El mejor restaurante japonés de Buenos Aires no queda en Palermo Hollywood, no tiene luces bajas, ni música con onda. El mejor restaurante japonés de esta ciudad está escondido en San Telmo y es un diminuto comedero de apenas unas pocas mesas lamidas por la penumbra, una heladera Peabody zumbando en el medio del salón y un cuadro del monte Fuji reflejado sobre un irreal lago azul. En el mejor restaurante japonés porteño no se sirven rolls, jamás verás un trozo de kanikama y el queso philadelphia es el anticristo. Acá no hay ni siquiera mozos: el lugar es atendido por un anciano nipón que cocina, sirve y luego cobra lo que se le antoja. Y jamás se le antoja cobrar menos de cien pesos por persona.
Aún así, éste restaurante llamado Sukiyaki (Pasaje San Lorenzo 304) es el que cada martes elige el personal de la Embajada de Japón para ir a almorzar. No sólo eso: músicos y actores famosos (como Luis Alberto Spinetta, Carolina Peleritti y Mike Amigorena) son habitués del lugar. Y también Francis Ford Coppola se sentó en estas mesas mientras estuvo en la ciudad filmando su película Tetro.
Espacio de culto en el circuito under de la gastronomía porteña, Sukiyaki se ha convertido en un secreto a voces entre los sibaritas que buscan los sabores más autóctonos de cada país y que están cansados de la parafernalia que rodea a muchos restaurantes que exageran su costado étnico hasta convertirse en una caricatura de sí mismos.
¿Cuál es el secreto de Sukiyaki? ¿Cómo es posible que este sucucho perdido en San Telmo sea la referencia de la gastronomía japonesa de la ciudad? En JOY decidimos ir a averiguarlo y nos encontramos con un lugar francamente increíble.
UN PERSONAJE EXCENTRICO
Para entender la magia de Sukiyaki hay que empezar por focalizarse no sólo en su comida y su servicio, sino en su dueño, Ito San, un personaje excéntrico que le imprime su sello personal al lugar y marca el pulso de las comidas con sus precisos cortes de pescado, pero sobre todo a través una personalidad algo avasallante que podría espantar a los incautos.
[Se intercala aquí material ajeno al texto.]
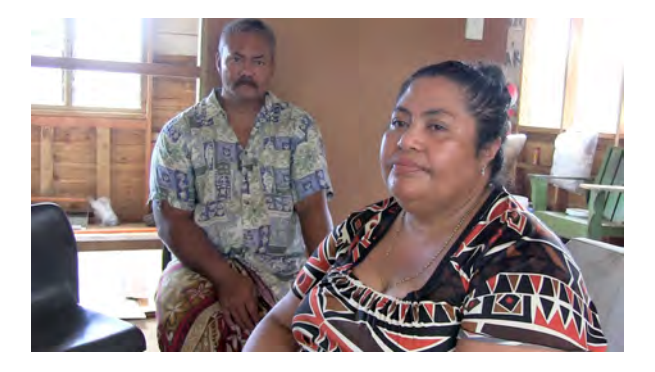
J and W are building a new future as they have been evicted from the home where they lived for many decades.
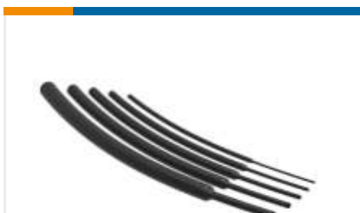
TE Part #NB18742001 RNF-100-1/16-BK-STK
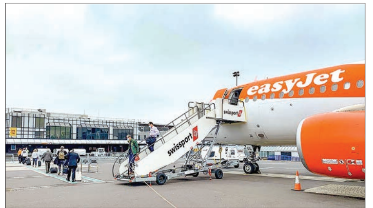
Easyjet and other airlines face renewed challenges as the Omicron coronavirus variant prompted fresh travel restrictions.

The emergence last week of Omicron, a new concerning Covid variant first detected in southern Africa, has prompted some nations including Britain to tighten travel curbs. “It's too soon to say what impact Omicron may have on European travel and any further short-term restrictions that may result,” EasyJet said in a results statement. “However, we have prepared ourselves for periods of uncertainty such as this.” Elsewhere in Europe, Scandinavian airline SAS expressed optimism despite the emergence of Omicron — but cautioned over “prevailing uncertainties” in the industry.
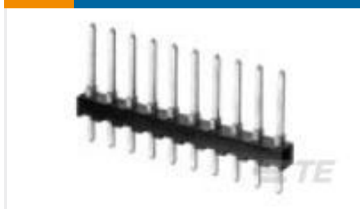
TE Part #87221-5 06 MODII HDR SRST UNSHRD .150
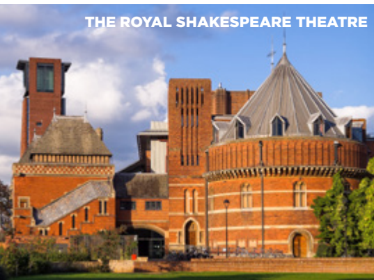
THE ROYAL SHAKESPEARE THEATRE

See where it all began at Shakespeare's childhood home in Henley Street; the family cottage of his wife, Anne Hathaway; the farm where his mother was raised; Hall's Croft, where his daughter lived after 1507; and Holy Trinity Church, where he worshipped, was baptized, and was ultimately buried. After lunch at a local pub, venture into the rolling hills that surround Stratford to see Kenilworth Castle, one of England's finest ruined castles, and where a celebration took
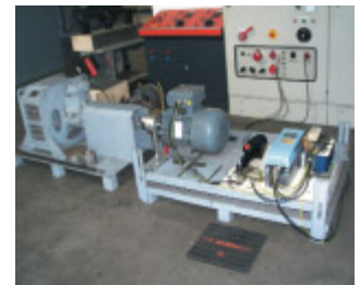
Picture 4: Test arrangement for testing switching contacts of explosion-protected plugs and sockets (source: Cooper).

ly safe current loop (NAMUR signal), the status of the plug-and-socket connection can be continuously reported to the central control system via an auxiliary contact and remote I/O. By this means, process flows can be controlled and, for instance, in case of an emergency, the processes can be shut down under full control, i.e. the release of given processes can be prevented or affected areas of the process technology can be relieved.
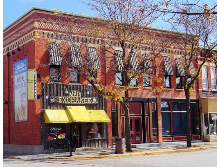
The Brick House, Fond Du Lac, before

Both the federal and Wisconsin credits can be claimed once the property is placed back into service.
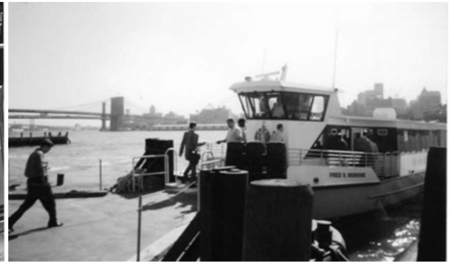
Man walking up 2 steps into ferry

This legislation sets specific guidelines and accessibility standards in relation to mandating accessible piers, docks, ferry and waterborne transportation services for people with disabilities. Barrier-free ferry services will benefit members of the public of all ages, particularly seniors who often have mobility or other disabling impairments.
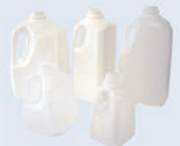
▶ Dairy Bottles
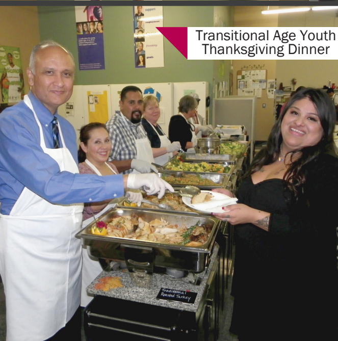
Transitional Age Youth Thanksgiving Dinner
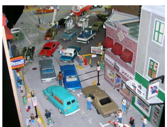
Winnebago Auto Modelers 70's diorama
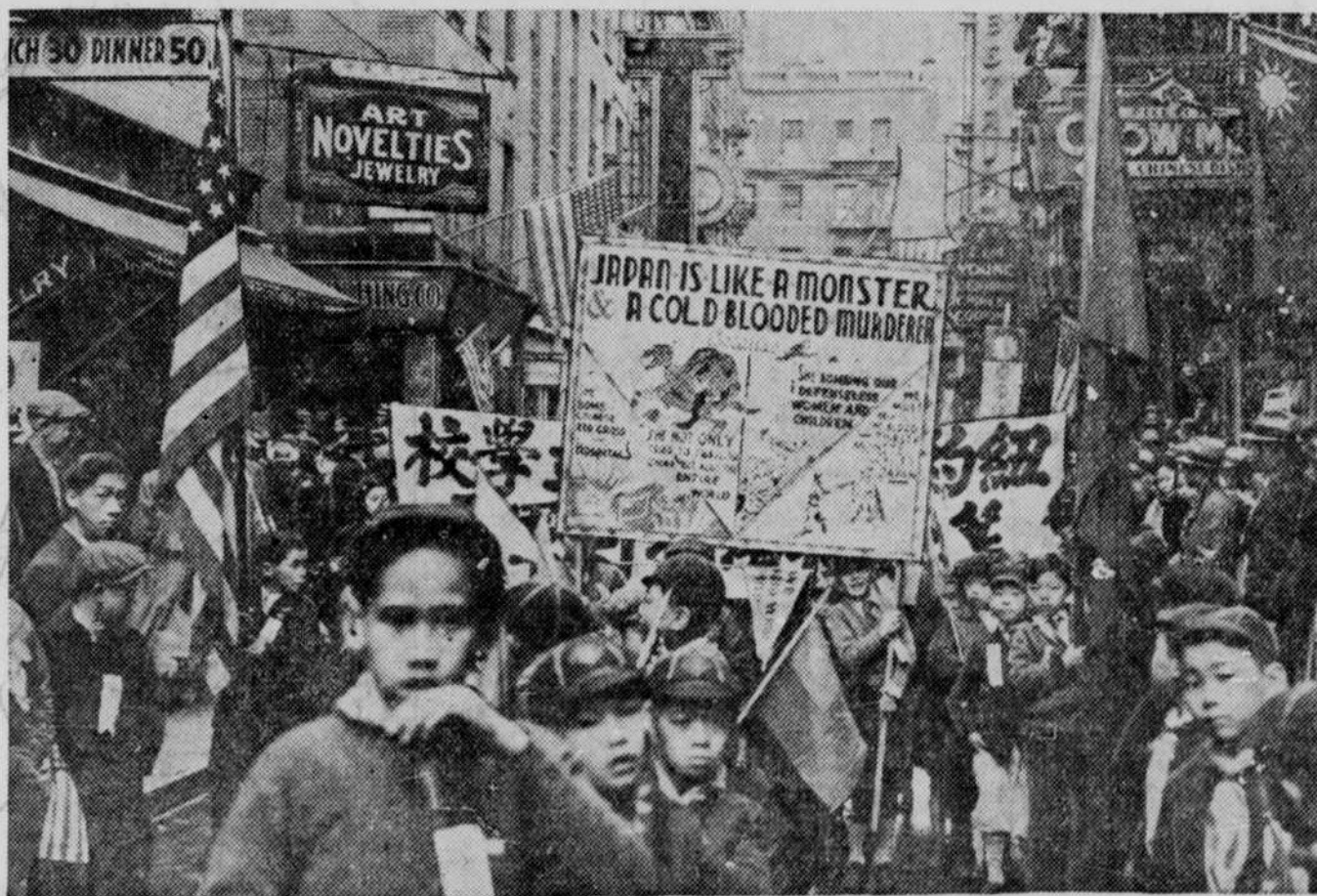
Chinese boy scouts marching along Mott street in an anti-Japanese demonstration in which the inhabitants of New York's Chinatown participated, in a drive for funds to aid war refugees. The boys are carrying a huge banner which relates: "Japan is like a monster and a cold-blooded murderer." Another rallying cry for donations was "Every penny kills a Jap."
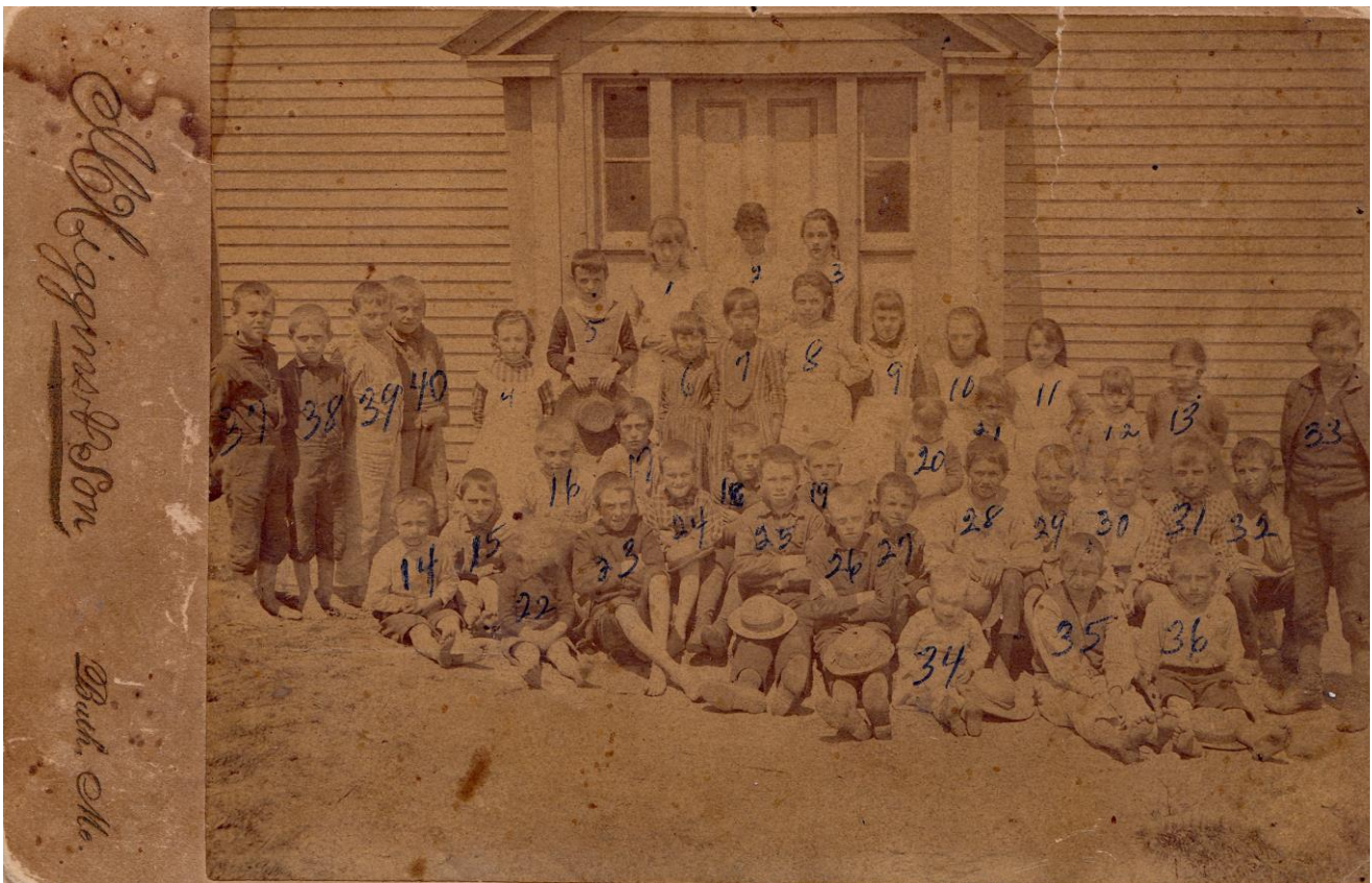
(from Willard Hilt Collection - courtesy of Jim Skoglund - School at Wiley's Corner – circa 1887)
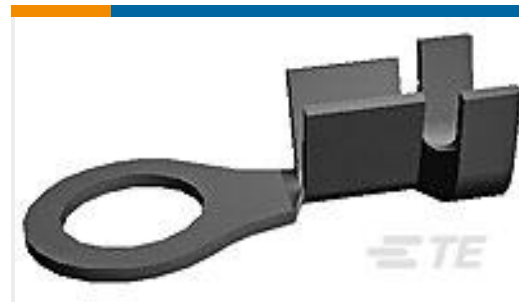
TE Part #41346 RING TERMINAL 18-14 AWG NPSTL

Tan magnética es la presencia de Ito San que son muchos los que visitan el reducto solamente para vivir la experiencia de ser atendidos por este japonés septuagenario de pelo blanco peinado hacia atrás, que va y viene de la cocina y con un vozarrón monocorde, más que tomar pedidos, le ordena a los clientes qué es lo que comerán. Es que, como ocurre en muchos de los restaurantes más lujosos y minimalistas del mundo, en Sukiyaki no hay menú impreso ni escrito en pizarrones: es el propio Ito San quien cada mañana sale en bicicleta a hacer sus compras y, de acuerdo a lo que consigue fresco en el mercado, decide qué pondrá sobre la mesa. No necesita ni de empleados, ni de proveedores, ni siquiera de un cartel a la calle que anuncie la existencia del local. Es un emprendedor solitario que con un cuchillo y un trozo de pescado logra maravillas.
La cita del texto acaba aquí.